How we handle sensitive health content
Information about medication and weight can change real decisions, so we hold our content to a careful, transparent standard. Here is the stance we hold ourselves to.
Educational only, not medical advice
Everything GLP-Done publishes is educational. It is not medical advice, and it does not replace the judgment of your own clinician. Please talk to a qualified healthcare professional before starting, stopping, changing, or tapering any medication. Your situation, history, and goals are specific to you, and only someone who knows them can advise you safely.
We never instruct on dosing
We will never tell you how much of a medication to take, when to take it, or how to adjust it. Dosing is the clinician's job, full stop. We can explain how a class of medication generally works and what the research describes, but the specific numbers and the timing of any change belong in the conversation between you and your prescriber.
No efficacy guarantees
Bodies vary, and so do outcomes. We use ranges and caveats, and we do not promise results. You will not see us say a strategy is “guaranteed” or that it “prevents regain.” Instead we describe what the evidence suggests, for whom, and with what uncertainty, so you can set realistic expectations.
- We report likely ranges, not fixed outcomes.
- We avoid absolute language like guaranteed or prevents.
- We name individual variation rather than hiding it.

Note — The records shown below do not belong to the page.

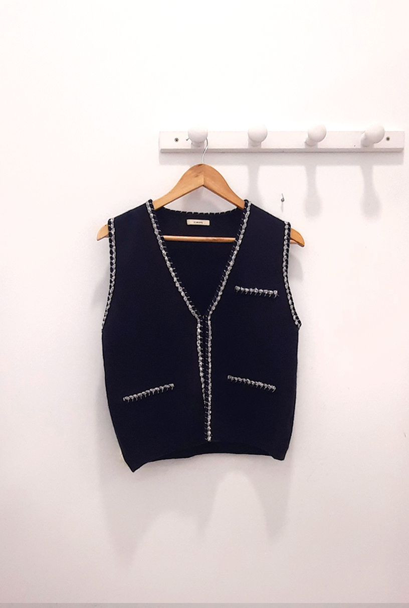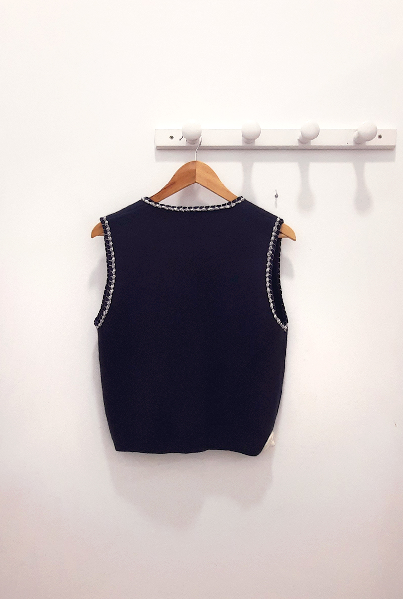 Chaleco azul marino de punto Zack con ribete crudo e hilo plateado a lo largo del cuello en pico y mangas,con un único corchete para cierre. Con tres falsos bolsillos.
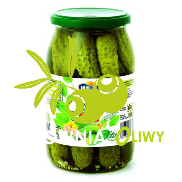 Składniki: Ogórki, woda, ocet spirytusowy, cukier, sól, przyprawy, gorczyca - substancja alergenna.
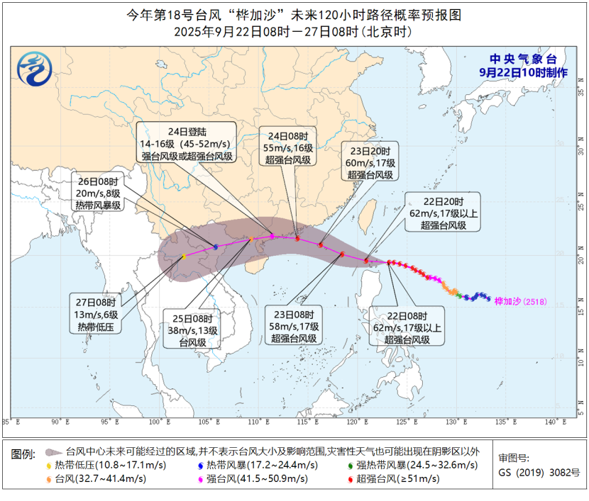 大風預報:22日14時至23日14時,巴士海峽、南海東北部海域、台灣海峽、台灣以東洋麪、東海西南部海域、東沙羣島、福建沿海、廣東東部沿海、台灣島沿海將有7-9級、陣風10-11級大風,其中,巴士海峽、南海東北部的部分海域風力有10-13級、陣風14-15級,颱風中心經過的附近海域或地區風力可達14-17級、陣風17級以上。
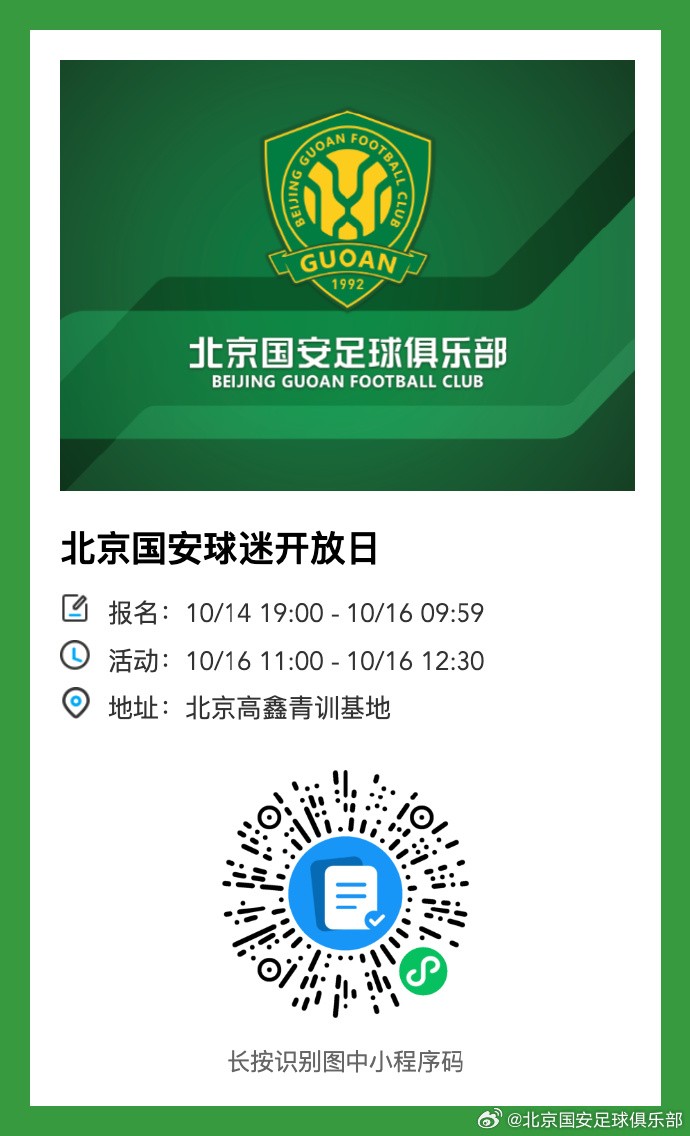 北京时间10月14日,北京国安足球俱乐部官方微博发布通知,球队将在10月16日(本周三)举行公开训练课,现诚邀球迷朋友们报名参与,报名将于今天19:00开启。
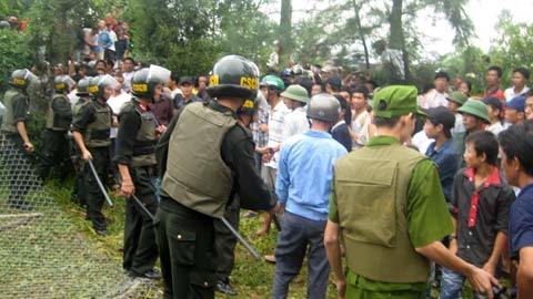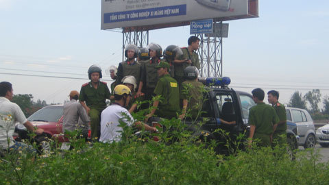| Lực lượng Công an Nghệ An giải cứu con tin và bảo vệ 2 “cẩu tặc” trước sự bức xúc của người dân. |
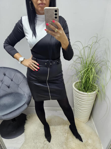Csinos elején cipzáras műbőr szoknya övvel (476064)
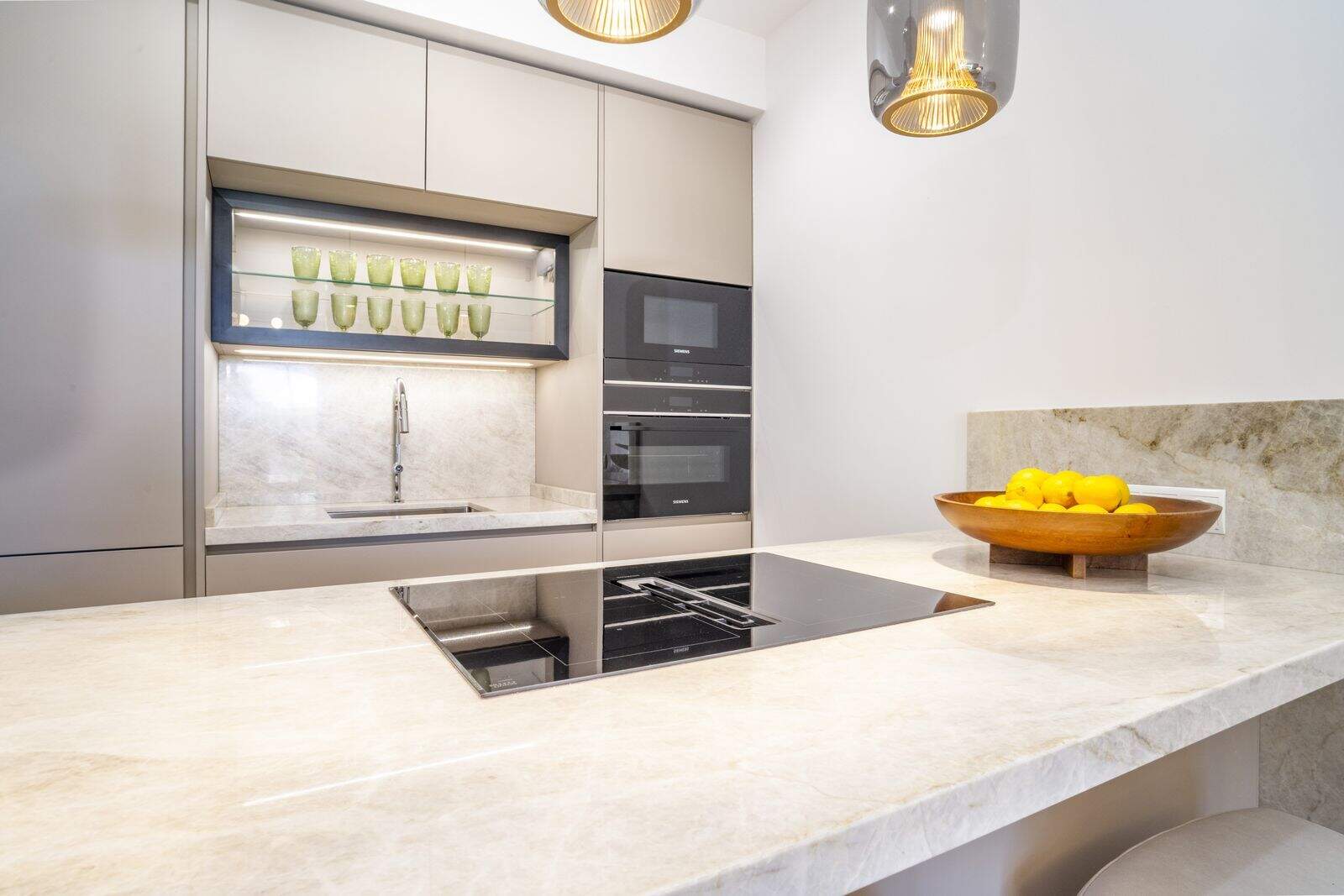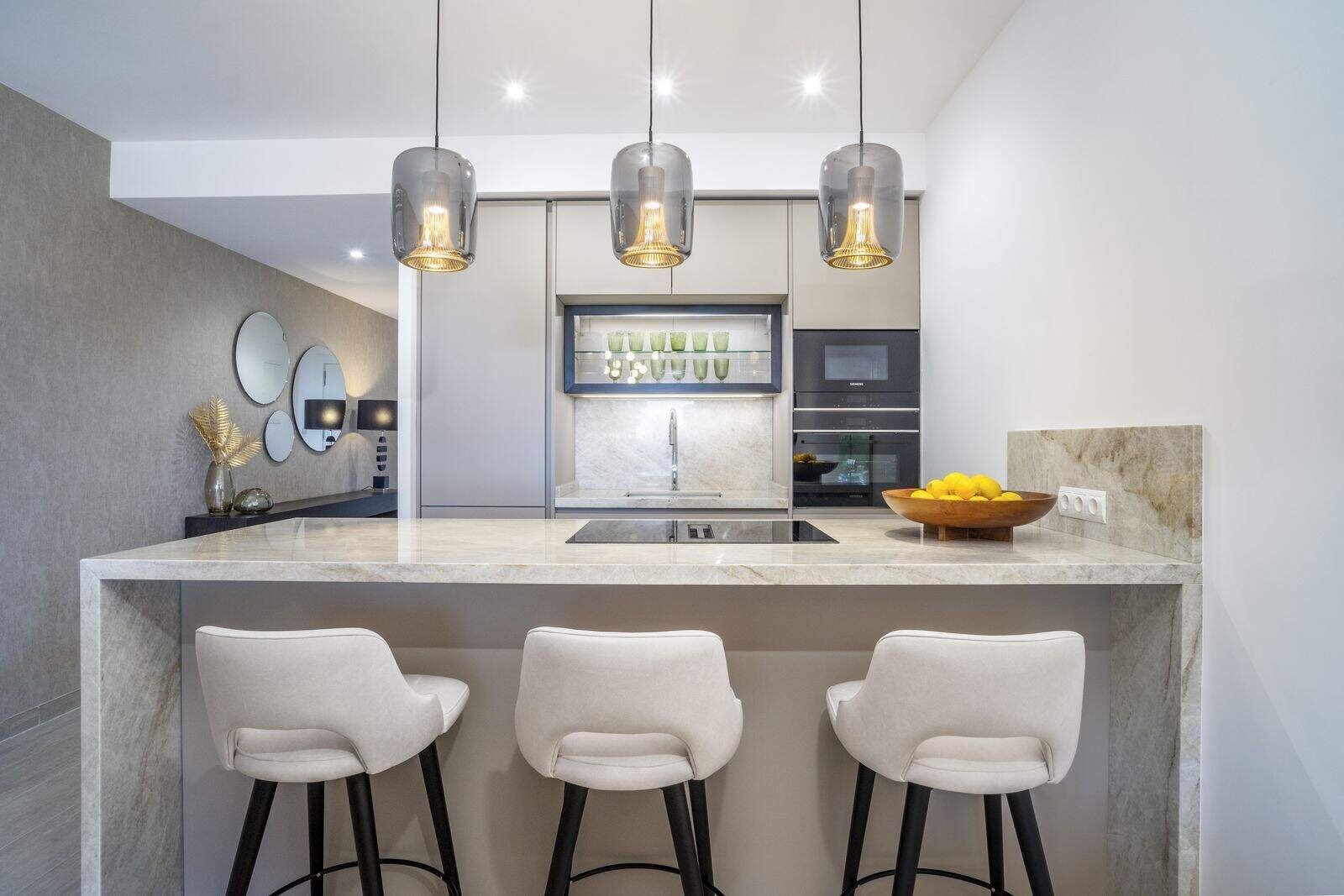 Interiorul este la fel de impresionant, cu pardoseală din ceramică în întreaga casă și dulapuri mari încorporate care oferă un spațiu generos de depozitare. Bucătăria dispune de blaturi elegante din marmură, asociate cu aparate de înaltă calitate Siemens, inclusiv o mașină de spălat și un uscător. Obloanele electrice din toate camerele oferă un plus de confort și siguranță.
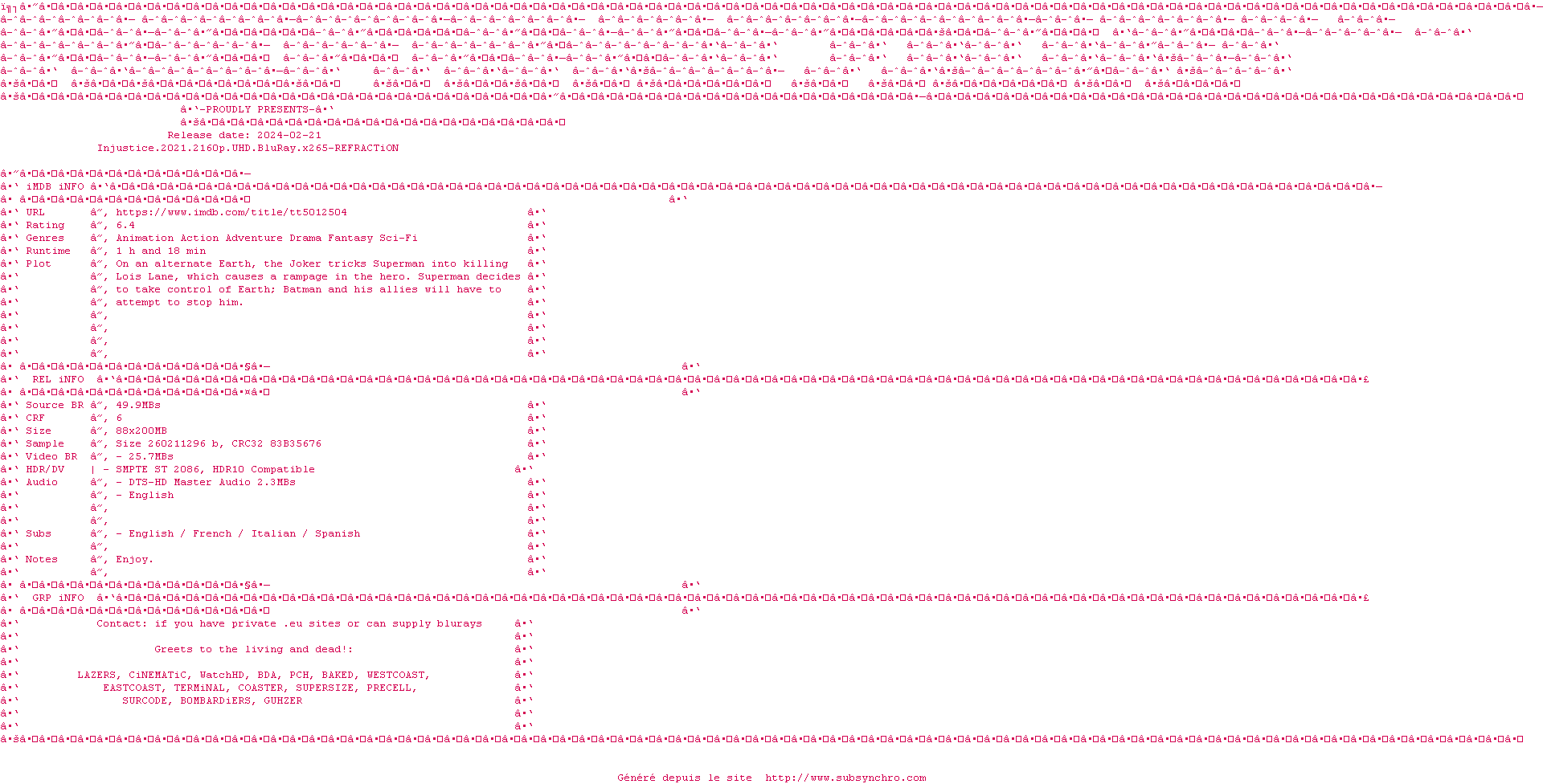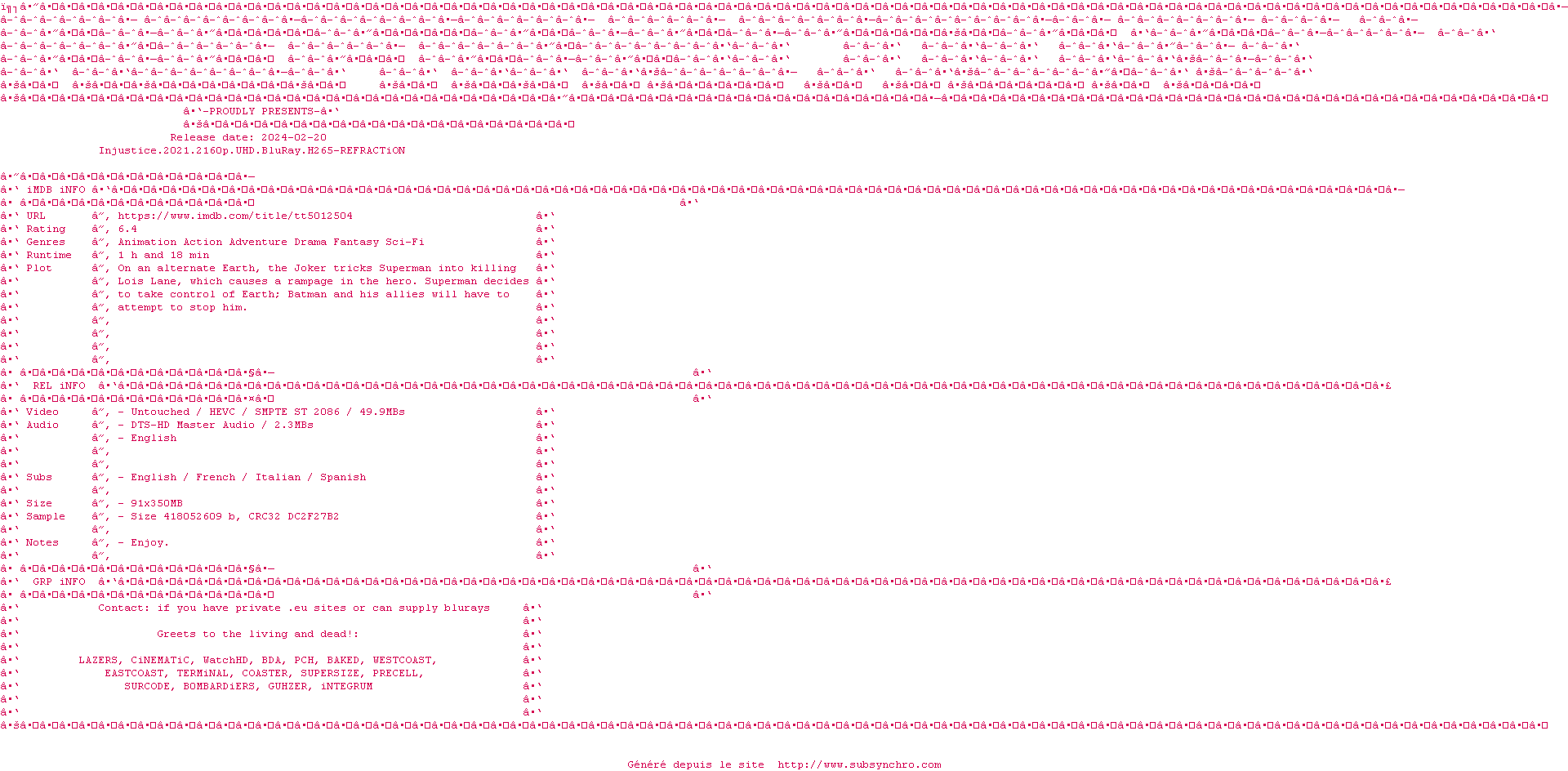 Voir le nfo de la release Injustice.2021.2160p.UHD.BluRay.H265-REFRACTiON
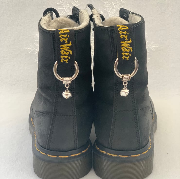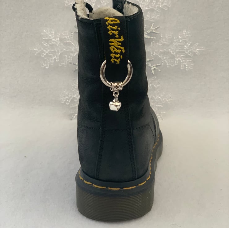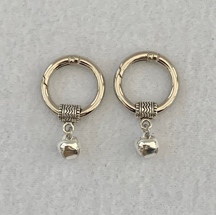 Iron jingle bell pendant in silver tone measuring 10mm fitted with a stainless steel jump ring (for strength and longevity) onto a decorative alloy pendant bail and hung from a platinum coloured zinc alloy spring O Rings measuring approximately 27mm outer diameter, 4mm thick with a 20mm inner diameter.
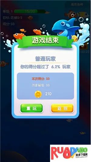 在游戏里,你能化身小鱼,不断吞噬比自己小的鱼来变强,感受逆袭称霸海底的刺激。它有精致3D卡通画风,画面清新,操作界面简洁,全程无广告打扰,给你沉浸式的畅玩体验。而且,多种模式能自由切换,单人闯关、组队协作都可以,还能和好友一起嗨翻海底世界。
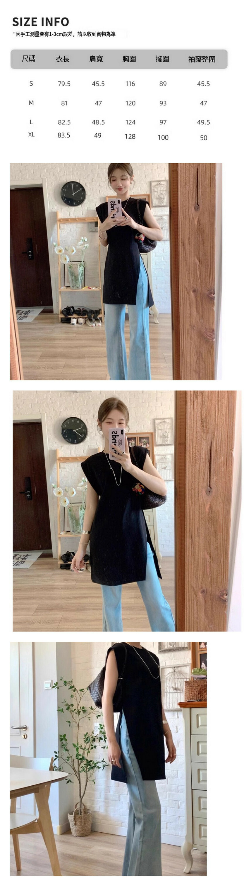 熱賣開叉圓領無袖直筒T恤【黑色】尺碼【S碼—XL碼】【下單後請聯絡客服確認發貨尺碼】
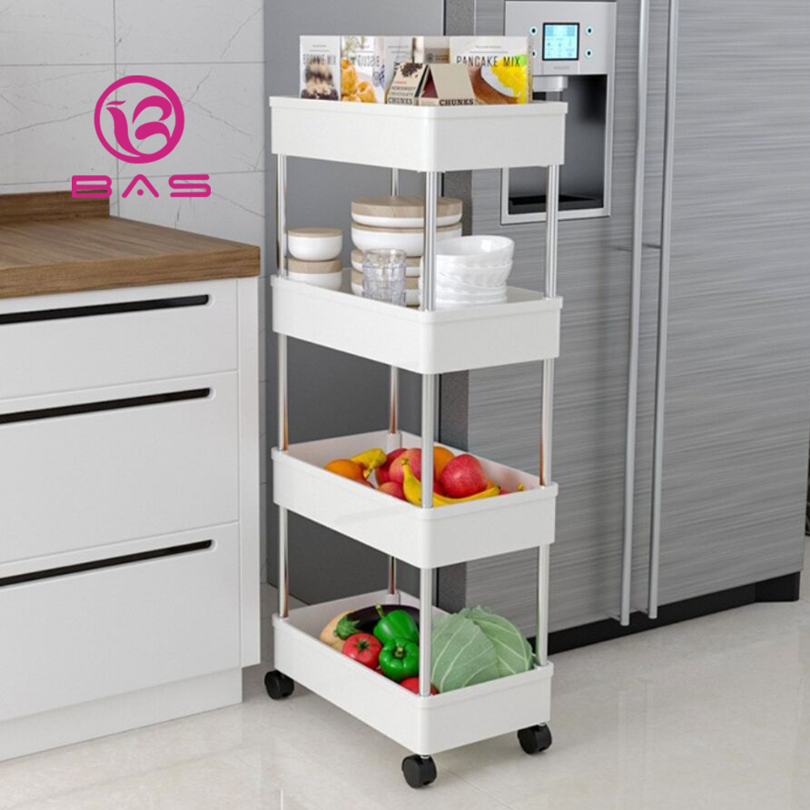 BAS square rak troli rak dapur rak serbaguna 4 tingkat dengan roda
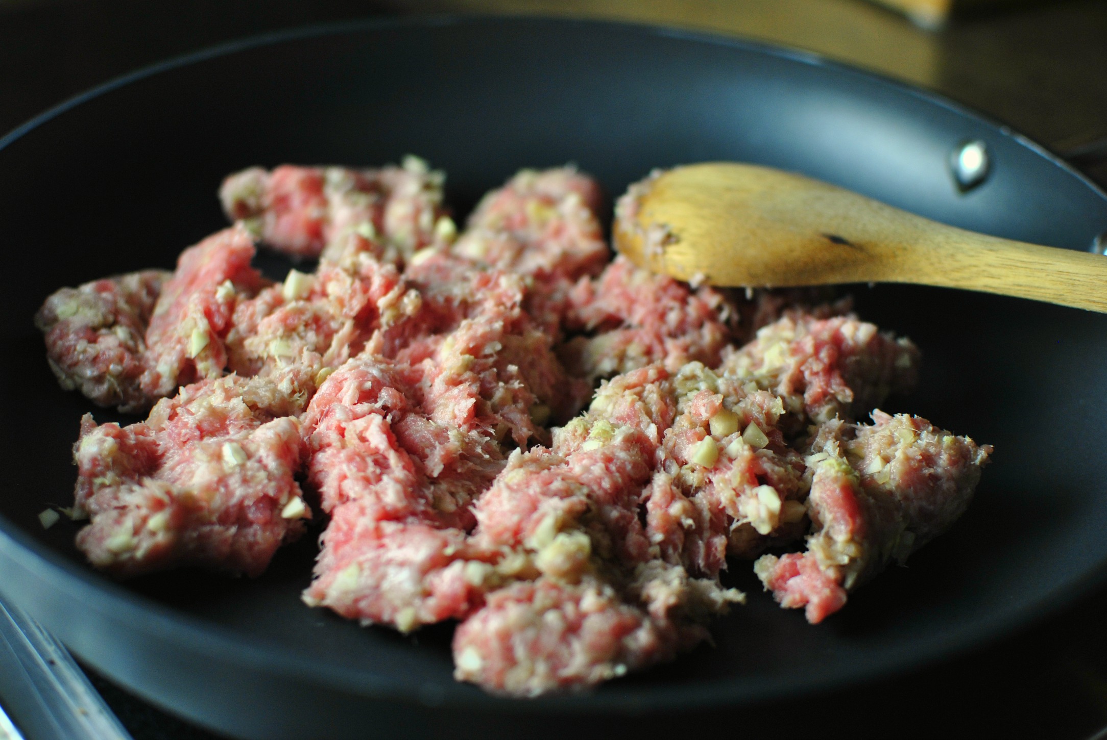 - Preheat a large non-stick skillet over medium-high heat. Once hot, add in the pork and spread it out, do not stir so the pork can get a golden crust on the bottom. Turn then break up any large clumps and continue to cook thoroughly.

Obesity is a chronic condition
We frame obesity as a chronic condition, because that is what the medical consensus supports. Weight regain after a GLP-1 is physiology, a body responding the way bodies are built to respond, not a personal failure or a lack of willpower. Our language is meant to be identity-affirming and non-shaming. You will not find “cheat days” here, and you will not find before-and-after shaming. The aim is to be on your side, plainly and consistently.
Conflict-of-interest statement
GLP-Done receives no compensation from drug manufacturers. We are not paid to feature, recommend, or rank any medication or brand, and our content is educational rather than promotional. If that ever changes, we will disclose it clearly and prominently.
Authorship transparency
Content is created and maintained by Ian MacCallum, the founder. We do not fabricate clinician credentials, and we do not apply a “medically reviewed by” label we have not earned. We will only attach a named reviewer when a credentialed clinician is genuinely engaged to review the work. Until then, we would rather be honest about who is behind the words. You can read more about our sourcing in our methodology and about our team on the authors page.
Correction policy
We get things wrong sometimes, and when we do we want to fix them in the open. Errors are corrected promptly, with a visible note in the article's update log describing what changed. If you spot something that looks inaccurate, please tell us at iancmaccallum@gmail.com and we will look into it.
Why compliance is load-bearing here
This is not abstract caution. The FDA has taken enforcement action against false and misleading GLP-1 marketing, which is part of why we treat accuracy and restraint as non-negotiable. Holding to these standards protects you as a reader, and it keeps our content honest about what these medications can and cannot do.